Кузьма оробел – как держать ответ
перед отцом? И сказал:
– К дьячку бегал крадучись, бей папаня,
виноват. Уж больно охота.
– Эк, осмелел! Барским делом
занялся – негоже! – крикнул Мартын.
И отец в сердцах схватил хворостину,
снял с сына полушубок и больно стегал его на морозе, приговаривая:
– Негоже, негоже нам грамота! Хлебопашцы
мы, а не бары!
Так кончилось учение Кузьмы.
IV. ЛУЧИНА В ТЕМНОЙ
ИЗБЕ
Прошло пять лет.
Мартын часто ездил в Саратов –
возил с приказчиком помещичью пшеницу. Ночевали они всегда в доме одного
молоканина, где можно было не остерегаясь хранить выручку за пшеницу, не было
спиртного и лошадей кормили досыта.
В зимние вечера в этом доме собирались
люди, читали Евангелие и пели псалмы. Мартын жадно слушал и немало дивился
услышанному. Новый мир открывался перед ним, и он глубоко задумывался.
Однажды он вернулся из города с гостинцами,
подивиться на которые сбежались соседи и родные. Он вынул из мешка цветастый
ситец, узористые платки, разрисованные пряники-кони.
Затем он вынул Евангелие, лицо его стало
торжественным, он понес его в передний угол и положил на стол, покрытый вышитой
скатертью.
В этот вечер он всех
попросил остаться на трапезу. После ужина он первым поднялся из-за стола и
торжественно заговорил изменившимся голосом:
– Слушайте все! Привез я нынче
великое – Слово Божие. Темные мы, не знамо, што там есть.
И он рассказал о слышанном в доме
молоканина в Саратове: что Бог есть любовь, а не только грозный Судья; что
надо молиться в Духе и начинать новую жизнь по Слову Божию; что пьяницы, воры,
убийцы Царствия Божия не наследуют.
– Нынче посетил нас Господь, –
сказал Мартын. – Наша жизнь негожа: злоба, битье, обиды сирот и вдов,
зависть, обман. Все это надо оставить. Темные мы. Един Кузьма грамоте умеет, и
он добудет нам правду Божию из книги сей. А Евангелие сие написано и нам,
темным. Приходите.
Лицо Мартына было мокрым от слез. Все
молчали, озабоченные и обеспокоенные его словами. Так зажглась лучина в темной
избе Мартына.
V. СВЕТ
Кузьма не спал всю ночь.
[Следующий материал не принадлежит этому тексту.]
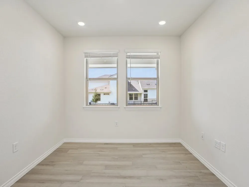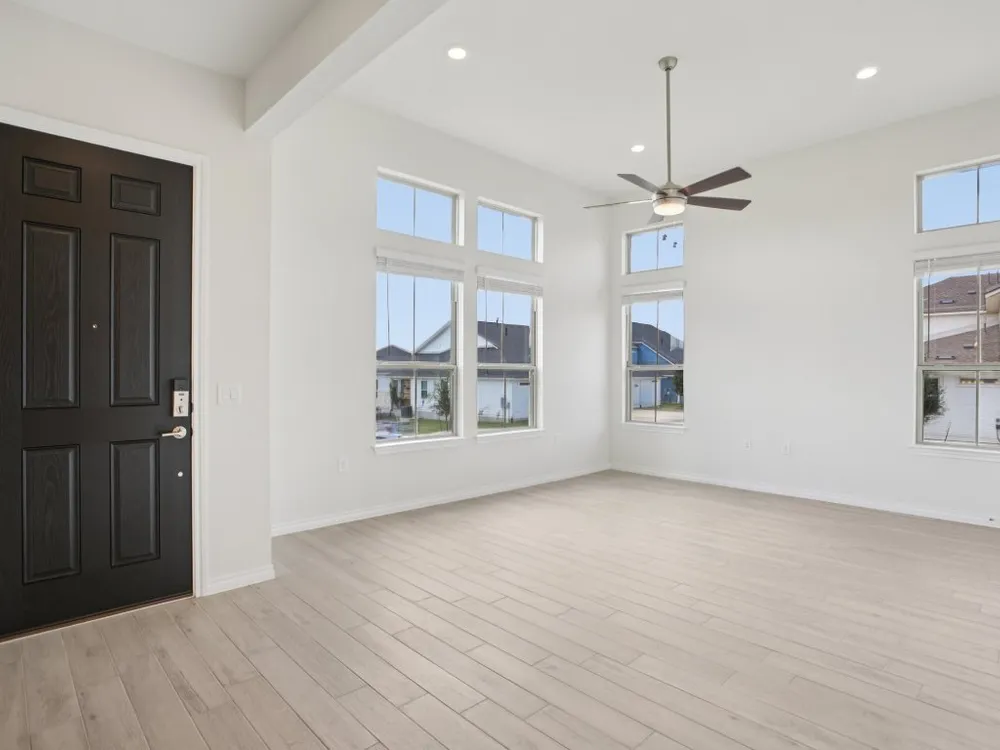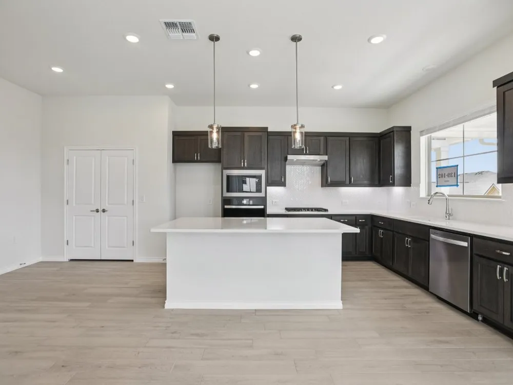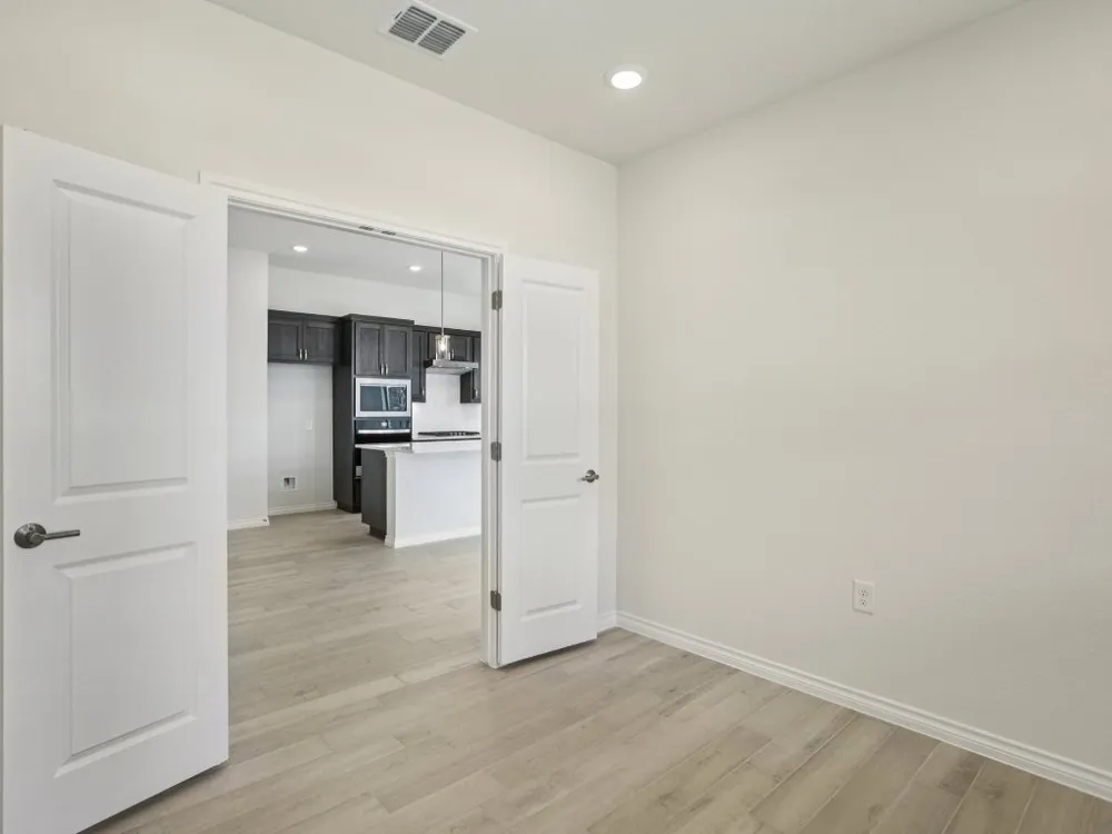 Evia plan with upgraded kitchen, quartz countertops, upgraded tile flooring, optional study with double doors, Express cordless blinds
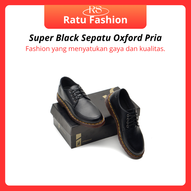 JYF - Super Black Sepatu Oxford Pria Formal Kantor Kerja Kuliah Kondangan Pantofel
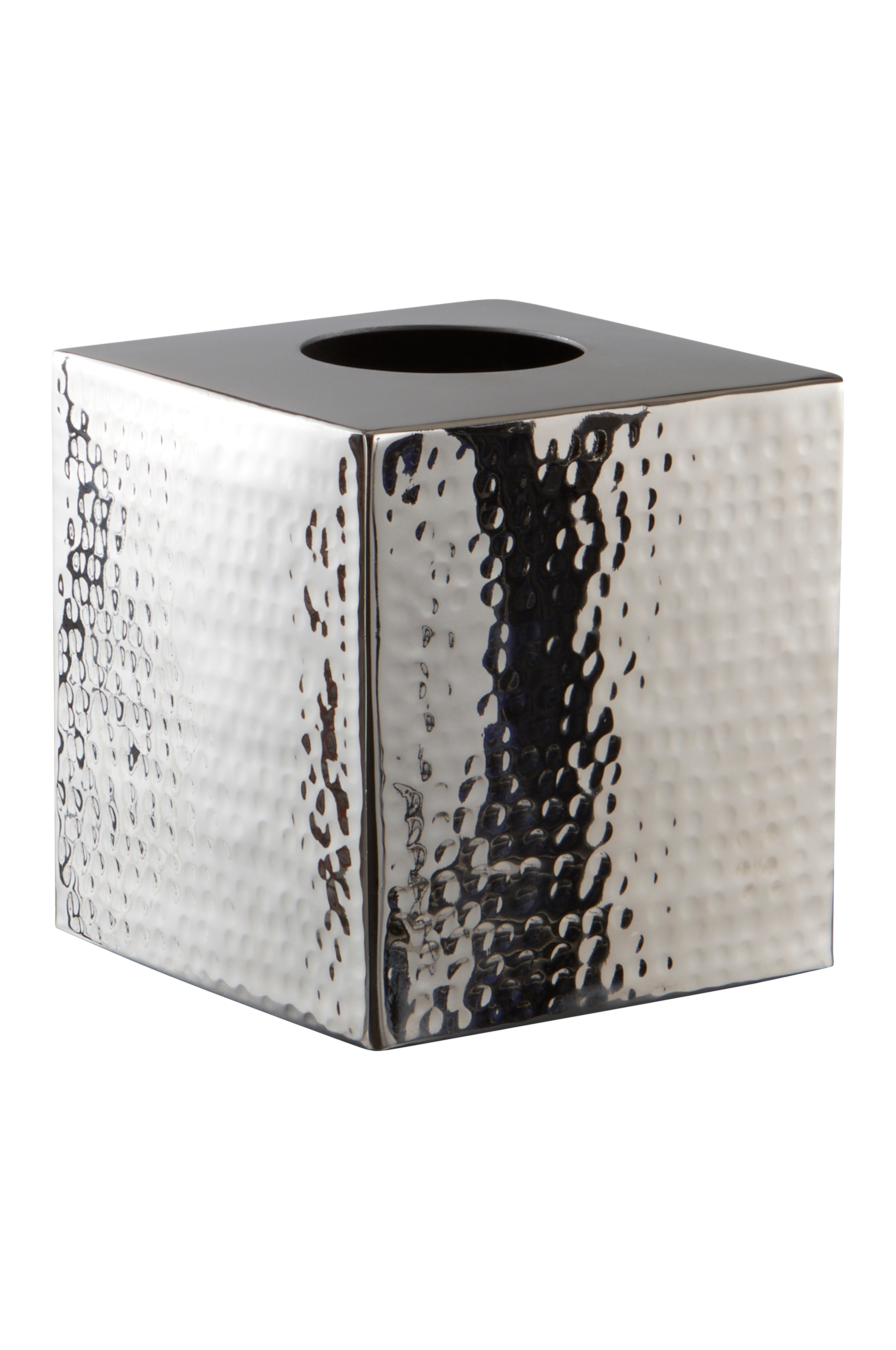 Nelikulmainen kasvopaperilaatikko ruostumatonta terästä, jossa epäsäännöllinen, taottu pinta. Laatikon yläpuoli on kiiltävä ja sileä ja siinä on pyöreä aukko, josta käsin kasvopaperit on helppo ottaa. HANNA-sarjassa on tyylikkäitä WC:n ja kylpyhuoneen tuotteita. Yhdistä useita saman sarjan tuotteita, niin saat tyylikkään ja yhtenäisen ilmeen kylpyhuoneeseen.
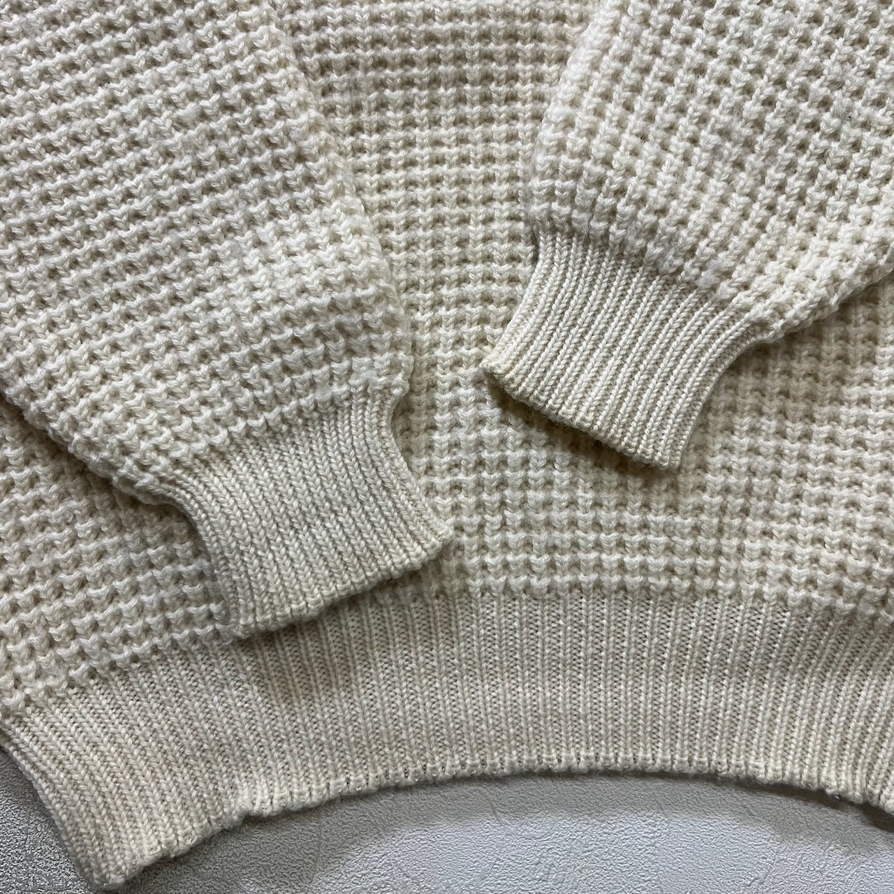 ざっくり編まれた肉厚なワッフル編みのニット。冬らしさ全開のアイテムで。
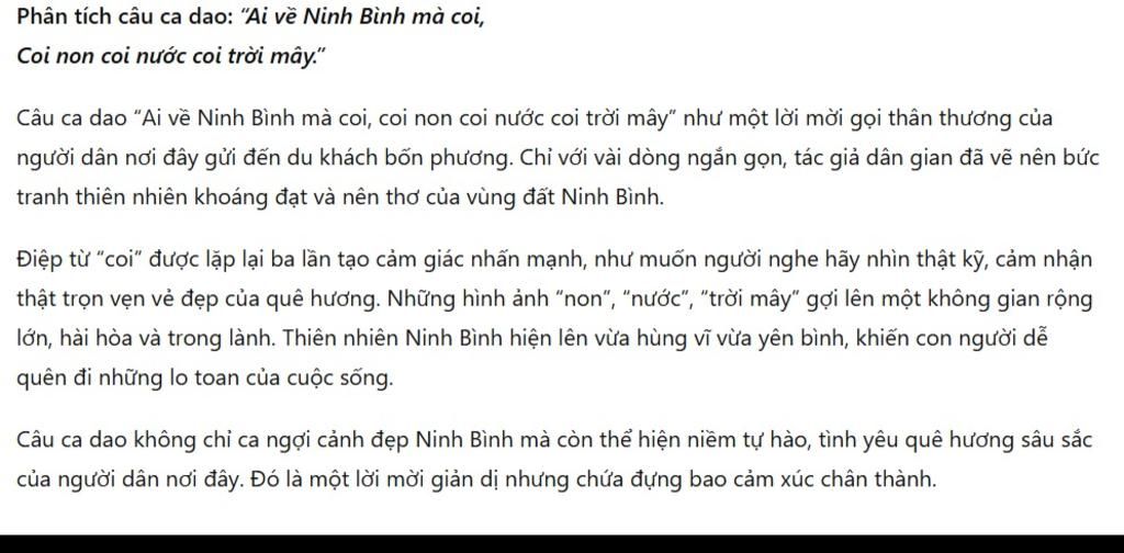 1 số bài văn mẫu phân tích về các câu ca dao tục ngữ ninh bình:
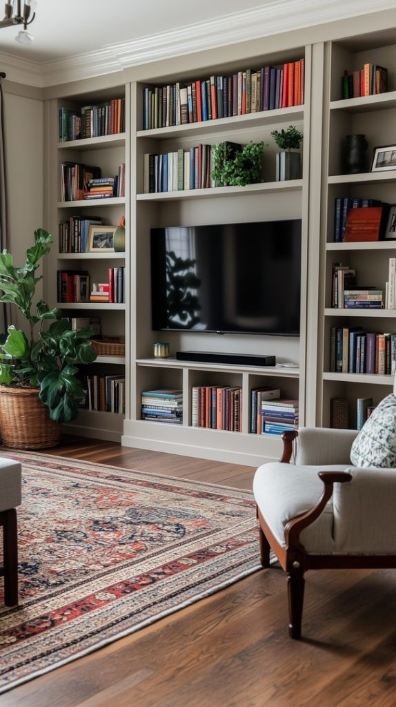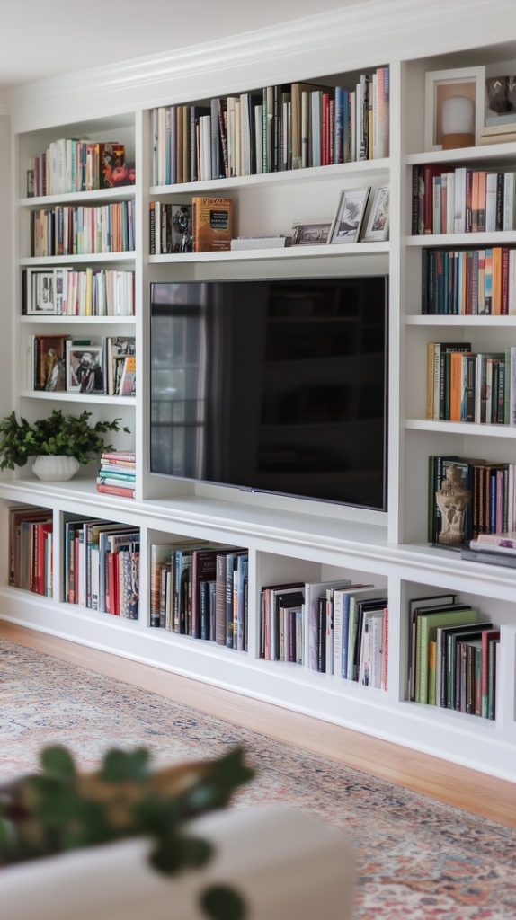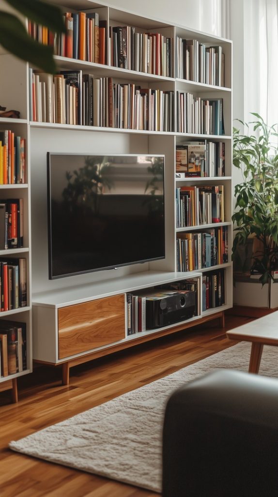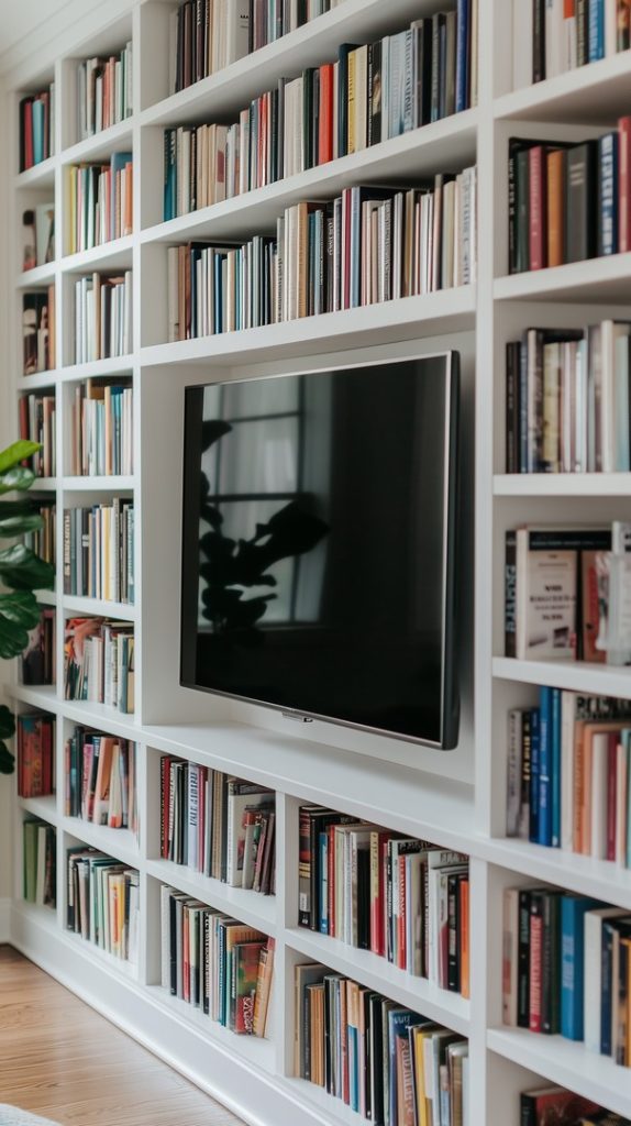 Eclectic Bookshelf TV Wall with Built-In Charm
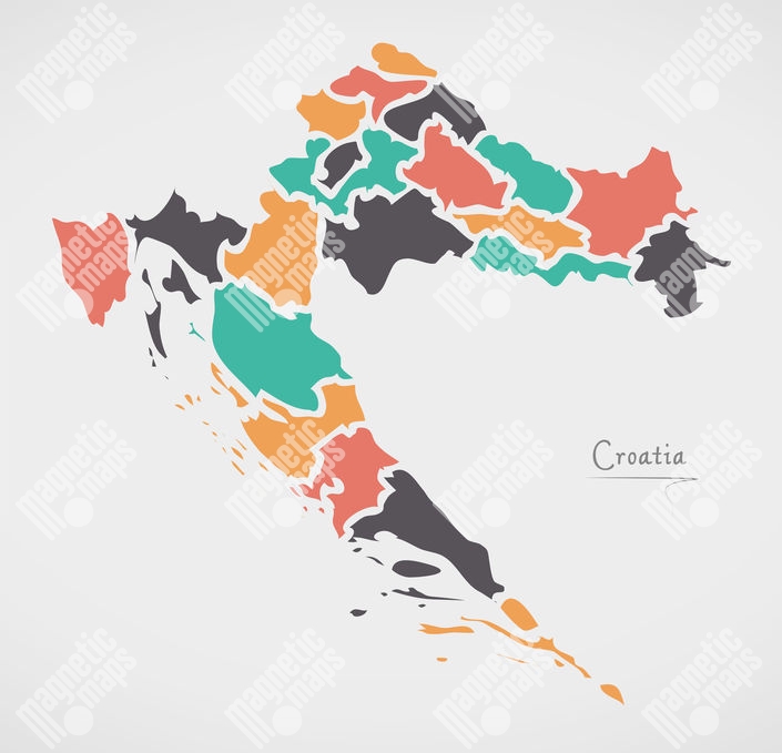 Magnetická mapa Chorvatska, ilustrovaná, barevná
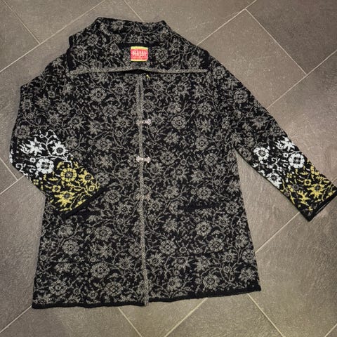 Oleana cardigan i merinoull, størrelse L, farge grå/beige. Plagget er designet for kvinner og har et mønster i flere nyanser av grått. Cardiganen har knappestolpe foran og er laget av merinoull og silke som gir varme og komfort.
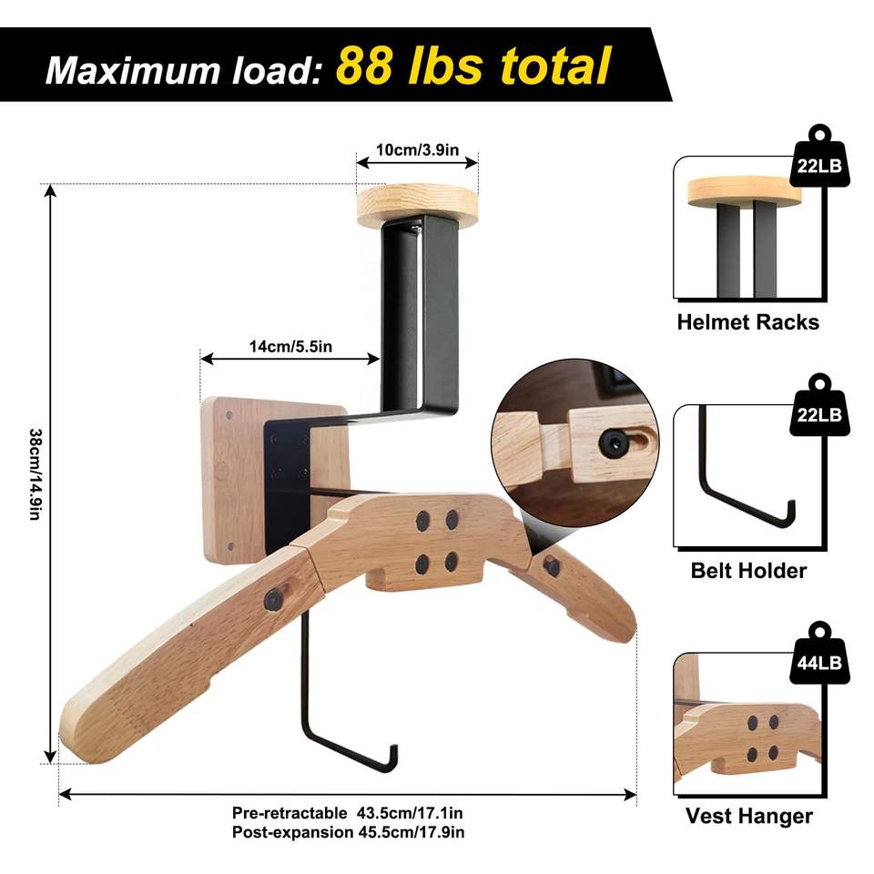 Support mural rétractable en métal robuste à trois niveaux pour gilet tactique, idéal pour le rangement des vélos et motos
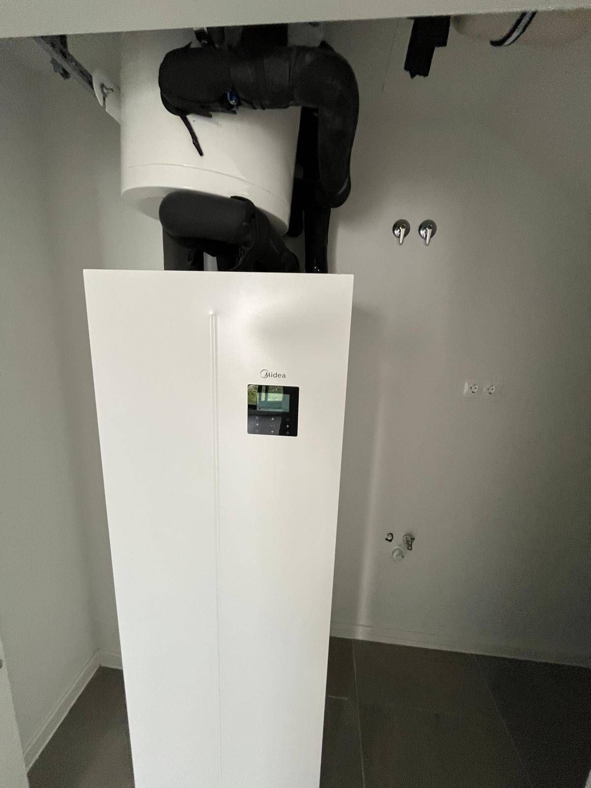 Depuis le salon, un grand escalier droit descend à l'étage inférieur, où se trouve un vaste hall d'entrée avec accès direct au jardin. On y trouve également trois chambres et deux salles de bains, dont une attenante. L'une des salles de bains est équipée d'une baignoire et l'autre d'une cabine de douche. Un grand placard comprend les arrivées d'eau et d'évacuation, ainsi que les prises électriques pour lave-linge et sèche-linge. Il y a également de la place pour un aspirateur, etc.

Он дивился
всему услышанному от отца и глазам не верил: в доме на столе лежит книга –
Евангелие.
– Кузьма умеет грамоте, и он добудет нам
правду Божию, – всю ночь повторял он слова отца, и радость заливала
его. – И нам, темным, написано то.
Едва дождавшись рассвета, он с трепетом подошел
к заветной Книге и открыл ее. Он увидел такие знакомые крупные буквы, они так
складно стояли рядом, и он мог прочитать каждое слово. И хотя скудный ранний
свет едва проникал в окошечко, Кузьме казалось, будто вся изба залилась ярким
солнцем и все вокруг стало новым.
VI. РОСТКИ НОВОЙ
ЖИЗНИ
В зимние вечера, когда
зажигали лучины, просторная изба Мартына наполнялась людом.
Кузьма по складам читал Евангелие,
повторяя одни и те же тексты по многу раз, а слушатели шепотом повторяли за
ним, желая запомнить святые слова. Затем Мартын запевал псалом «Господь –
Пастырь мой; я ни в чем не буду нуждаться». Мотив псалма был народный,
протяжный, задушевный. Каждое слово пелось долго, тщательно выводилась каждая
буква. После пропетого слова Мартын подсказывал следующее, и все подхватывали.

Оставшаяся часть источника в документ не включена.